E editoras, já andam atrás?
Isso também não posso dizer. Mas há conexões.

Na marcação desta entrevista percebemos que dá muita importância às fotografias. Porquê?
Acredito que uma fotografia te imortaliza. E às vezes tenho dificuldade em lembrar-me de coisas quando não há fotos. Não é só uma fotografia, aquilo está a marcar um ponto. Daqui a 50 anos, quando não te lembrares de como era a tua cara, o teu cabelo, a cor da tua roupa, vais olhar para aquelas fotos e dizer: “Uau, eu era assim.” Vivemos num mundo visual. Não respeitar isso ou fingir que não se dá importância a isso é hipócrita, na minha opinião.

Por outro lado, não tem nenhum vídeo oficial.
Pois [risos]. Talvez o vá fazer, mas este álbum [Adoro Bolos] não foi ainda o lugar para isso. Vejo este álbum como um livro. Um livro do género “quem é que eu sou”.

É um dos compositores convidados do Festival da Canção de 2019. Interessa compor e escrever para outras pessoas?
Sim. Infelizmente, tenho muitas coisas pendentes de pessoal que me pediu e não tenho tido tempo. Mas dá-me gozo e é lisonjeador um artista – principalmente pessoal que já está aí há bué tempo – vir ter comigo porque confia em mim o suficiente para haver uma brecha em que me torno ele e eu estou a falar por ele.

E já consegue viver da música ou ainda trabalha na sex shop?
Já não trabalho, mas tenho boa relação com eles e estou sempre a dizer: “Olhem, se precisarem de horas extra, por favor chamem-me. Tenho saudades.” Deu-me educação, mesmo sobre a humanidade. E sobre coisas que nunca iria saber se não tivesse ido para lá.
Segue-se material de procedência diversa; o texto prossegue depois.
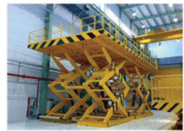
Four post type
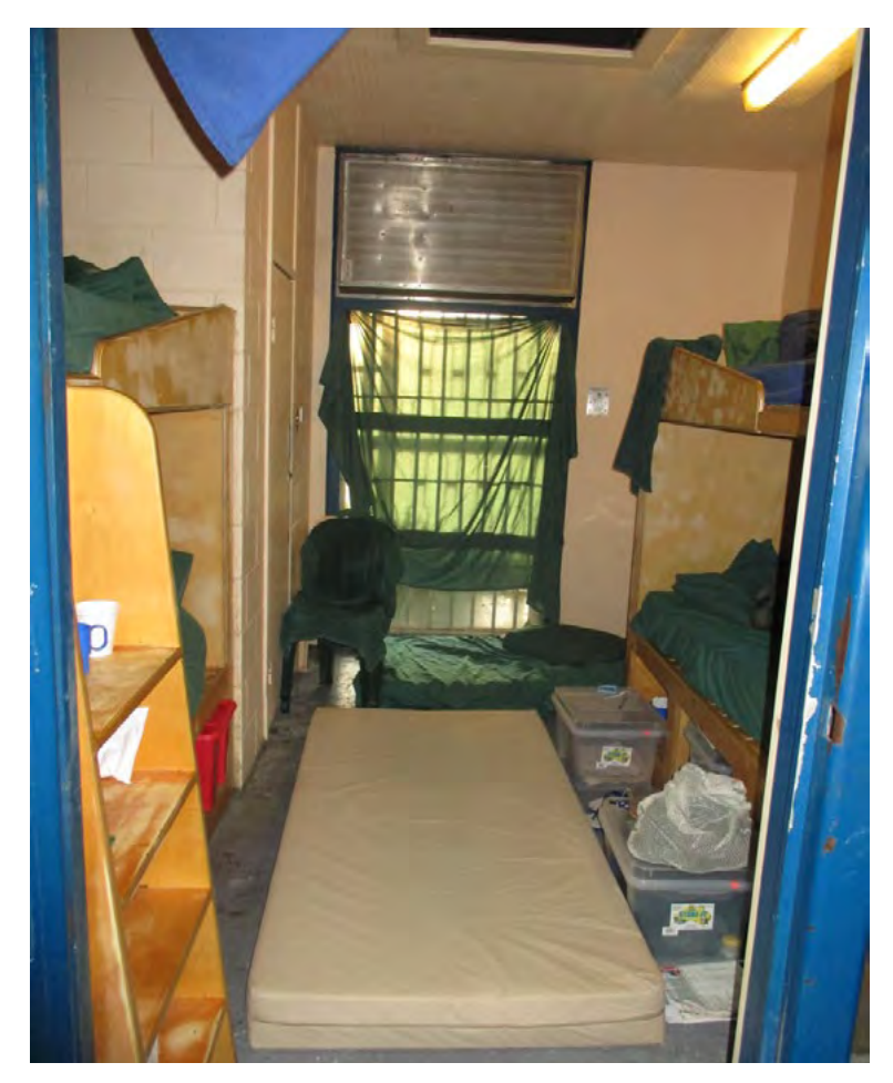
Figure 4: A crowded cell sleeping six prisoners in the maximum-security unit

It was built in 1894 as an open shelter, and in 1907 bars were installed so it could be used as a holding pen for Aboriginal prisoners. In the early 20th century, Kimberley law enforcement protected land owners and their livestock from the Aboriginal people, and Aboriginal people in custody were routinely treated violently by police. The bull pen contains painful memories for Aboriginal men and women, and it would be culturally insensitive and inappropriate to keep people there overnight. We were relieved to see that, on the Thursday night of our inspection, it had proved unnecessary for prisoners to be placed there.
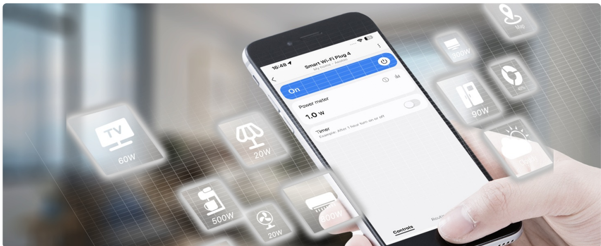
Image: Local control functionality, allowing operation even without an internet connection (Home Assistant only).

Powered by Matter over Wi-Fi, the Smart Plug M1 executes commands instantly through your local network. For Home Assistant users, this means control functions can operate even without an internet connection. Remote access is available from anywhere via your smartphone app or voice control through Matter admin to smart speakers (Alexa/Google Assistant/Siri).
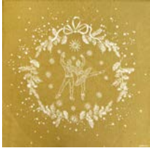
Dinner napkin Danseurs or en intissé 40 x 40 cm unfolded - Pressed cellulose fibers – Fabric-like feel and appearance Designed and made in France €8 per pack of 20 napkins*
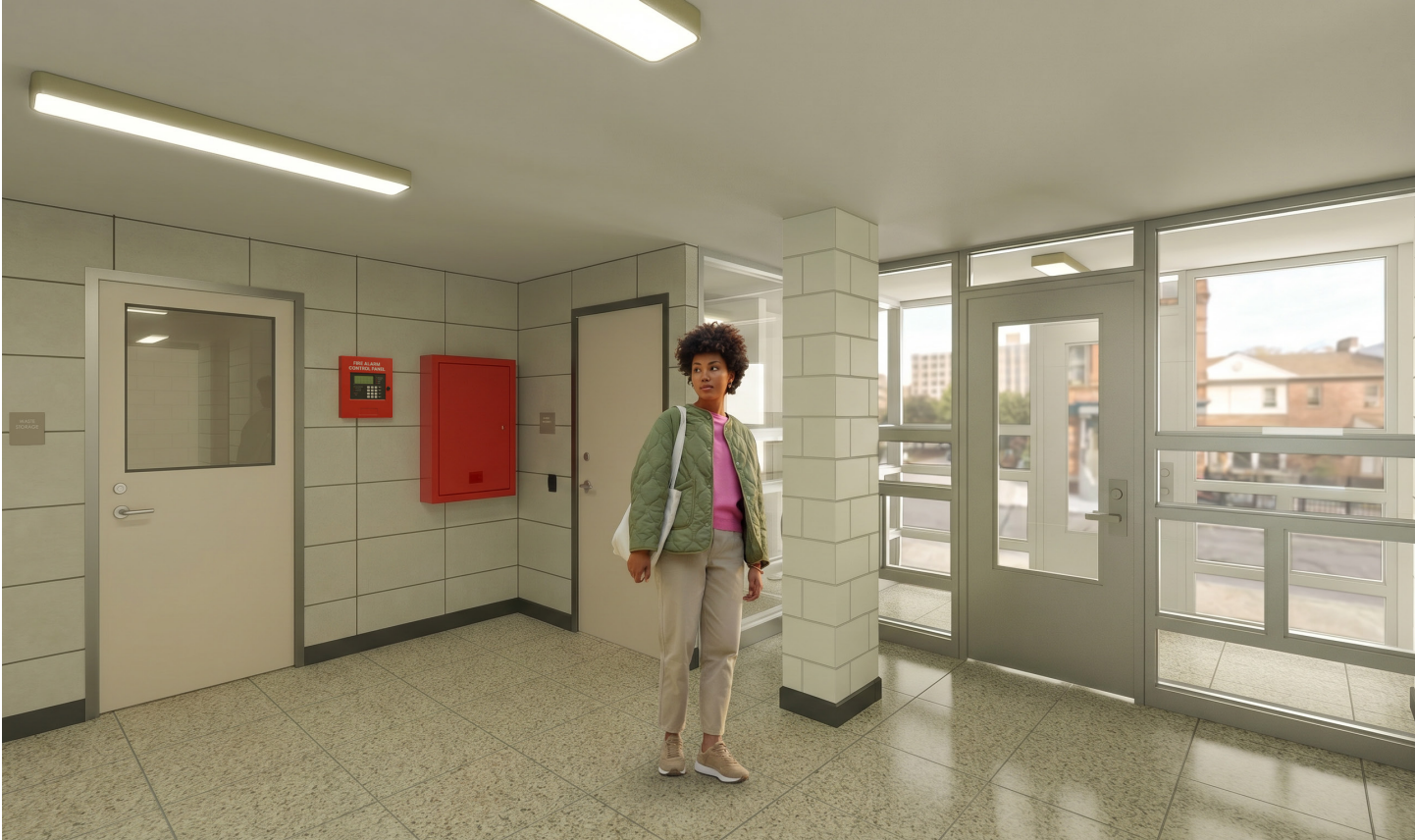
Conceptual rendering of Courtlandt Lobby
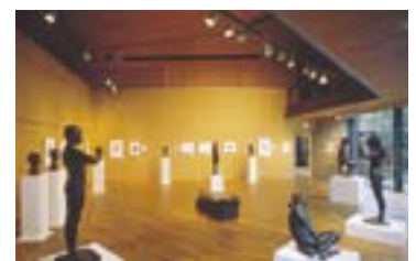
“Churyo Sato and Chihiro Iwasaki Exhibition” held at Chihiro Art Museum Tokyo (2005)
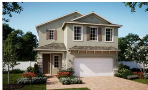
ELEVATION 3 - STONE
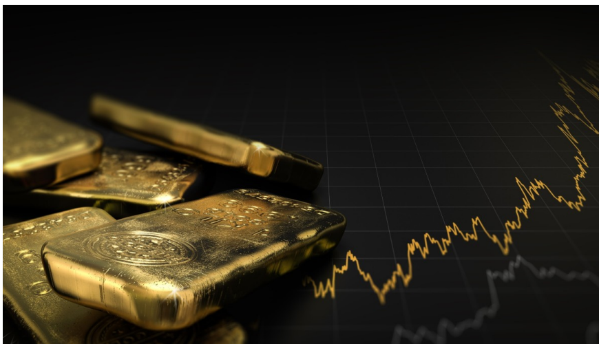
Gold has staged a historic rally, doubling in less than two years

December futures in New York, the most active contract, surpassed $4,000 for the first time as the US federal government shutdown dragged on into its second week
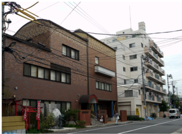
Center of the Tokyo Air Raid and War Damages, Koto Ward
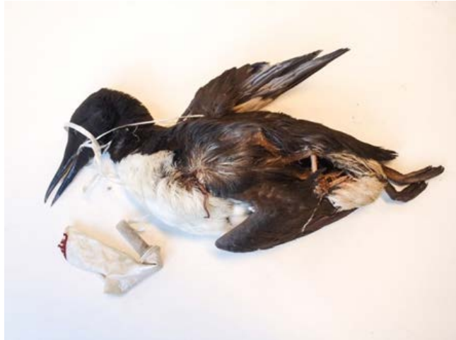
This Guillemot ( Uria aalge ) became entangled in a ribbon with remains of the latex balloon and plastic valve

Debris from balloons represents a danger, because animals may become entangled in ribbons preventing normal foraging activity. Animals also mistake balloon debris for food and ingest the material, which may block the stomach or intestines and lead to starvation.
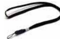
Neck String Add $0.20 ea
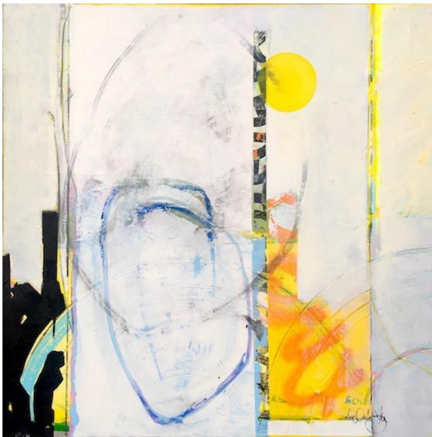
4/ Virgo, 70x70cm, 2017
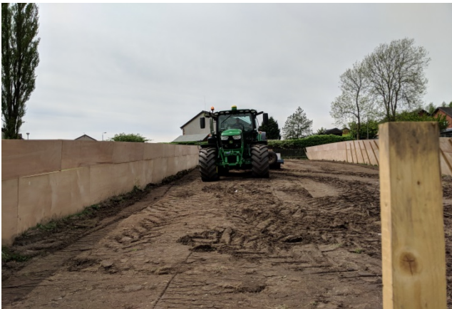
Fig 7: Once a site has been designated free of water voles after 5 full clear days of trapping, the area should be made uninhabitable by stripping the turf and compacting the soil with a roller.
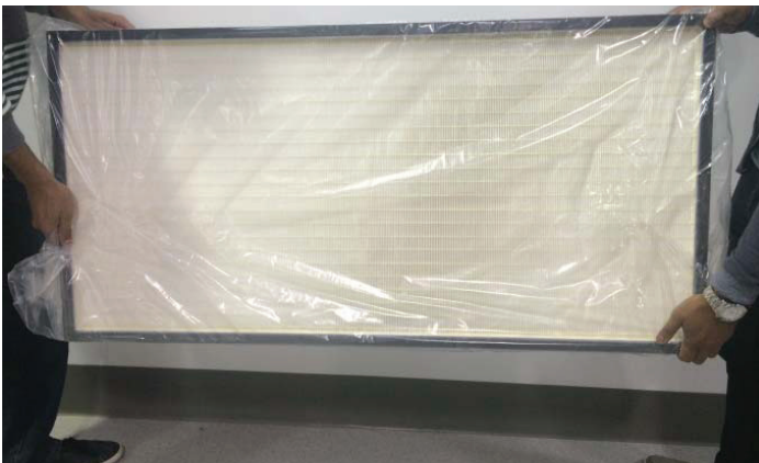
C) PLACE THE FILTER GENTLY ON THE FLOOR, REMOVE THE TAPE, AND TAKE THE FILTER OUT OF THE BAG.
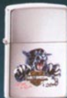
No. 250HD 1003 High Polish Chrome Chain The Power
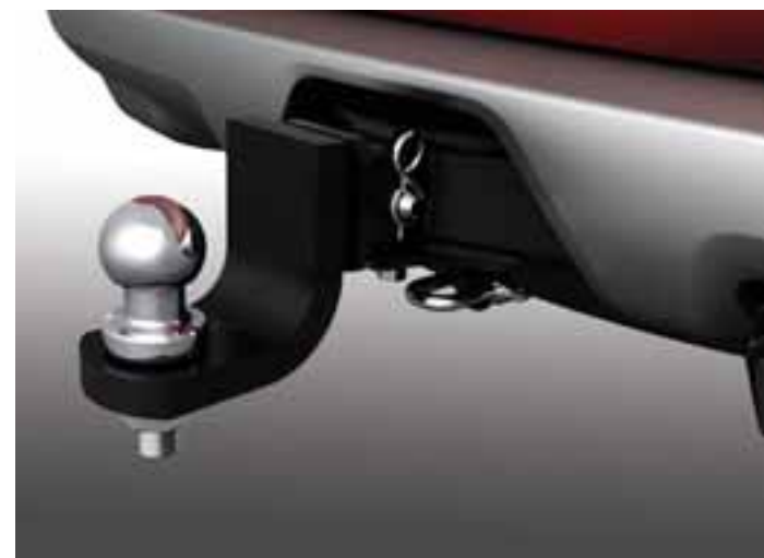
Tow Pack. Pack includes towbar, hitch, trailer wiring, LED compatible trailer wiring module and replacement lower bumper panel for a fully integrated finish.
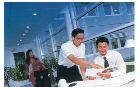
Quid, qui deperit minor uno mense diem.

Quid, qui deperit minor uno mense vel anno, inter quos referendus emerrit? Veteresne poetas, an quos et praesens et postera respuat aetas? "Iste quidem veteres inter ponetur honeste, qui vel mense brevi vel toto est iunior anno." Utor permissio, caudaeque pilos ut equinae paulatim vello unum, demo etiam unum, dum cadat elusus ratione
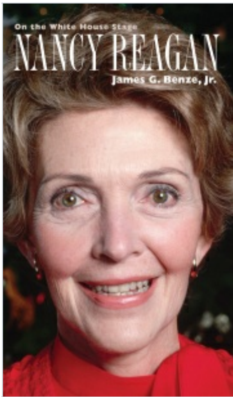
Table of Contents Nancy Reagan: On the White House Stage
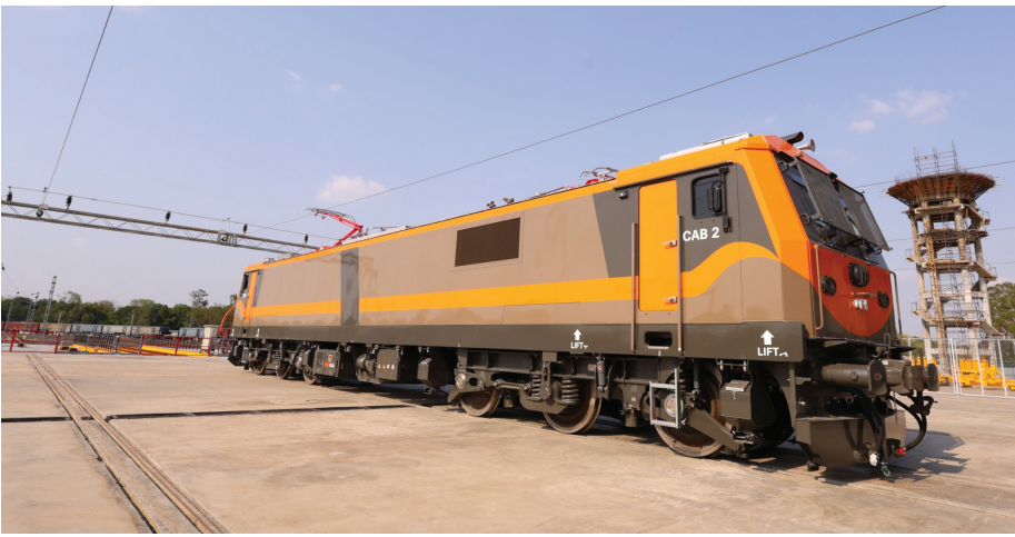
(Standard Post Bureau)

Indian Railways has taken a major leap in freight mobility with the dedication of the Loco Manufacturing Shop at the Rolling Stock Workshop in Dahod, Gujarat by Hon'ble Prime Minister Shri Narendra Modi. This moment marked a pivotal milestone in the ongoing transformation of freight transport. The facility, designed to produce 1,200 cutting-edge electric freight locomotives with a powerful 9000 HP capacity, stands as a testament to India's engineering prowess and industrial ambition.
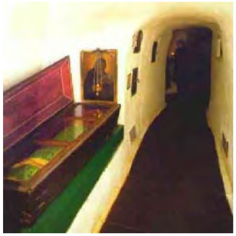
A passage in the Caves of Lavra, where entombed saints still draw throngs of tourists and pilgrims.
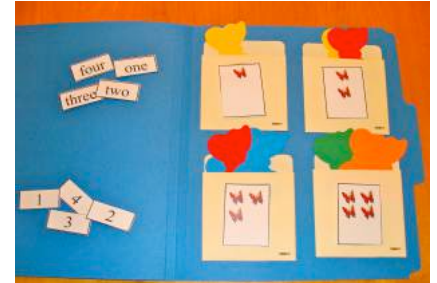
Count and match butterflies
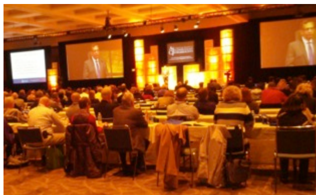
At the Public Policy Lecture
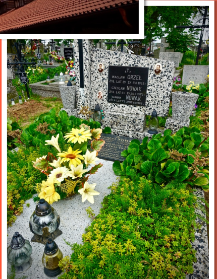
DAD AND HIS BROTHER REUNITED
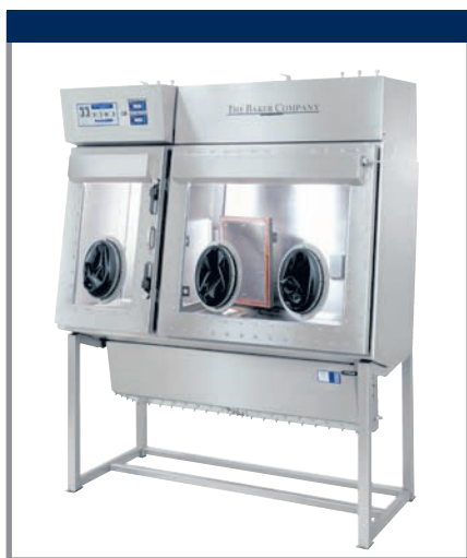
The IsoGARD® glovebox, Model IG-12.

Additionally, IsoGARD® ergonomic features make for a glovebox that is much more comfortable to work in than those of the past. These include oval gloveports mounted directly into the 10° tilted viewing window, exhaust plenums located away from a sitting operator's knees and external light canopies positioned above the user's head.
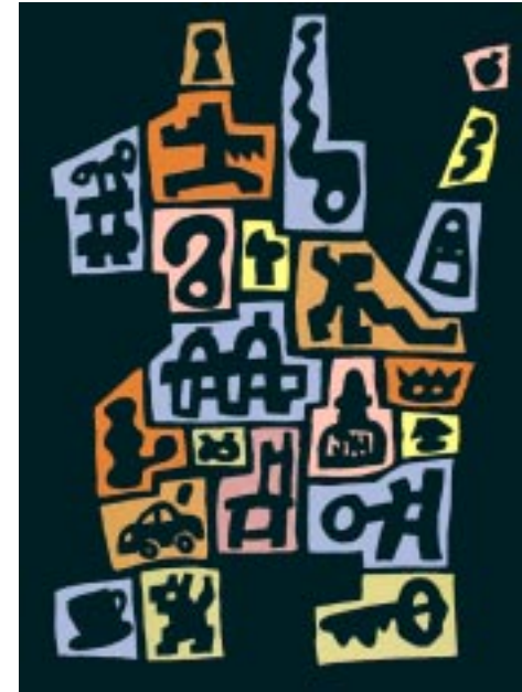
Apple Tail Double Dog , ed: 30, sh: 29.75"h. x 21.75"w.
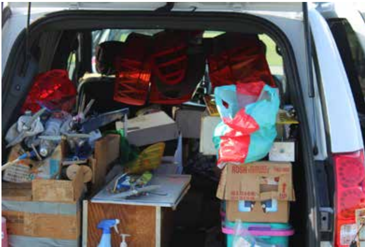
Bobby Hanford Packed in ready to go!
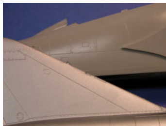
Photo 1. Scalecoat II sprayed directly on plastic with an unpainted part for comparison

One of my questions for Ken was how Scalecoat reacted with plastic, so my first test was to simply spray some on an old kit, in this case a Hasegawa F4-F. I mixed the paint to Scalecoat's recommendation, 1/3 thinner to 2/3 paint, and sprayed it at about 10psi in light coats. The result is shown on photo 1. The paint showed no ill effects on the plastic at all and dried quickly to a matt aluminum finish. The finish was a bit too flat looking, but a light buff with tissue paper left a smooth surface resembling oxidized metal. As a final test I turned one part over and flooded it with the thinned mixture. There was no sign of any reaction with the plastic.
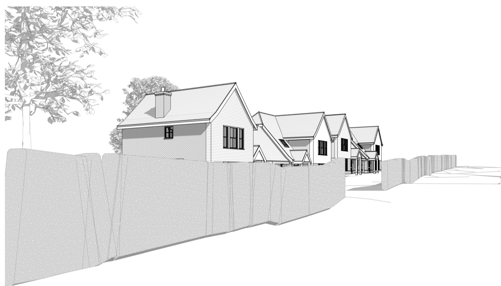
Materiality of House Type A - Plot 1 & 3
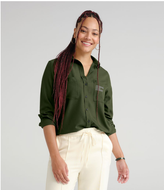
MERCER + METTLE Women's Stretch Crepe Long Sleeve Camp Blouse MM2013 Women's Sizes: XS-4XL | 4 colors
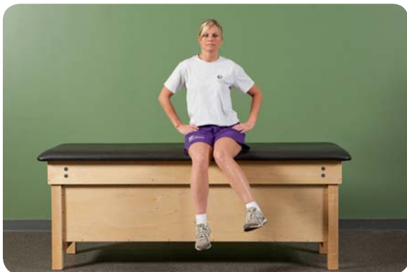
Weight shifts – anterior/posterior
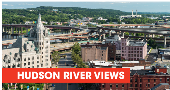
HUDSON RIVER VIEWS
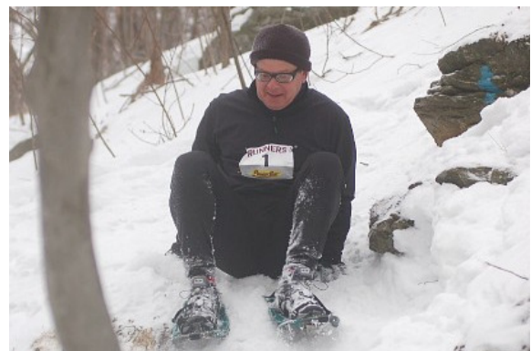
K2 sliding down the hill
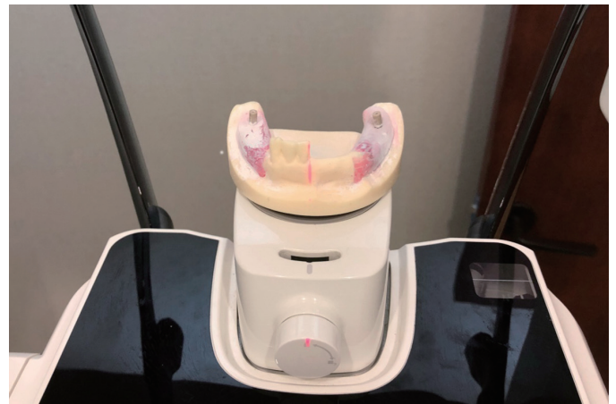
Fig. 1. Cone-beam computed tomography taking of study model.

The STL and DICOM data were imported into a dental software program (R2GATE v1.1.1, MegaGen, Daegu, Korea) for computer-aided implant surgery planning and guide fabrication. Using volume rendering, the DICOM data were reformatted as a 3D reconstruction image with which the surface scan data were merged. The image registration was conducted manually by designating 3 congruent points from the two images. The registration process was carried out two times per each operator with different matching conditions (Fig. 2). In the first matching, matching points were limited to the remaining teeth. In the second matching, the scan cap images were included as matching areas, as well as the tooth image. Twelve dental graduates who were blinded to the purpose of study and had same the working year in the dental filed, participated in this study. While performing the registration process, working time was recorded for each condi-
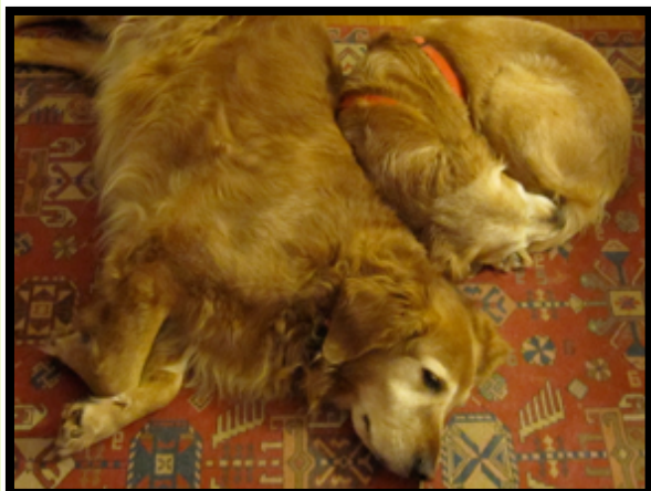
LIFFEY (GH 635) BEAR (GH 668)

Liffey came to us on April 7, 2010 from a shelter where her owners asked that she be euthanized. Instead GoldHeart came to the rescue. Liffey had been neglected and only partially socialized. She did not know how to respond to attention – but she was an escape artist and rejoiced in running away repeatedly. She was small and scooted through the most narrow openings. Chasing her kept us in shape! When we adopted Bear on September 2, 2010 Liffey (who never learned to play with other dogs) found a friend. During the day Liffey loved to chew on sticks or better still on marrow bones which she then buried and sometimes found again covered with dirt and tastier than ever. However at naptime or at night she curled up next to Bear and slept like a log (unless there was a thunder storm!) but that is another story. We never learned Liffey's age –she was NOT young – she died 4 years ago of a tumor detected only by x-ray. During her time with us Liffey received much love even if she did not know how to return it.
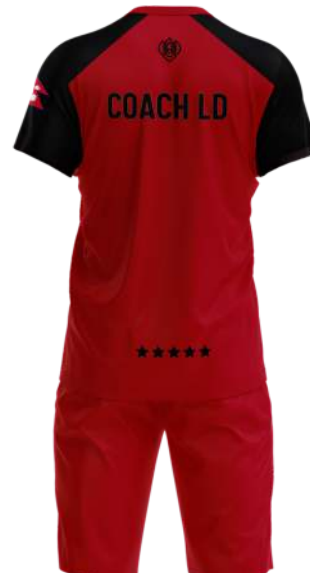
RED FOOTBALL COACH SET
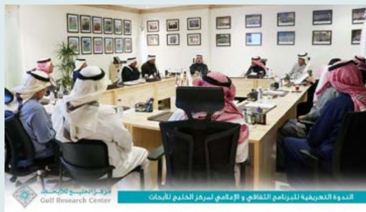
GRC Cultural and Media Program Symposium, Riyadh
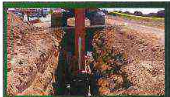
ACOG worked on the administration of an ARC grant to construct sewer lines along Highway 5.
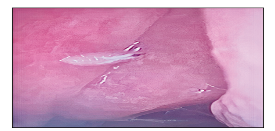
FIGURE 3: Endoscopic view of nasal myiasis of case-8.
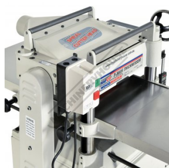
Feed Return Rollers
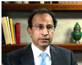
Pakistan (SBP) and PSX."

"I congratulate all the market participants and transaction leads who made the listing of Pakistan Energy Sukuk II a success," he said and termed it an excellent team effort of Ministry of Finance Debt Office, Securities and Exchange Commission of Pakistan (SECP), State Bank of

A sexualidade é importante para as canções?
É. Ao trabalhar lá consegui perceber que não existe a sexualidade. É uma coisa que está em ti e que devia ser muito mais naturalizada. A sexualidade somos nós próprios, é a dança, a maneira como movemos a boca; tudo é sexualidade. Se tens problemas com a tua sexualidade a tua vida está fodida. Essa aprendizagem foi fulcral para mim. Eu fui trabalhar para a loja e era virgem. Isso já diz muito.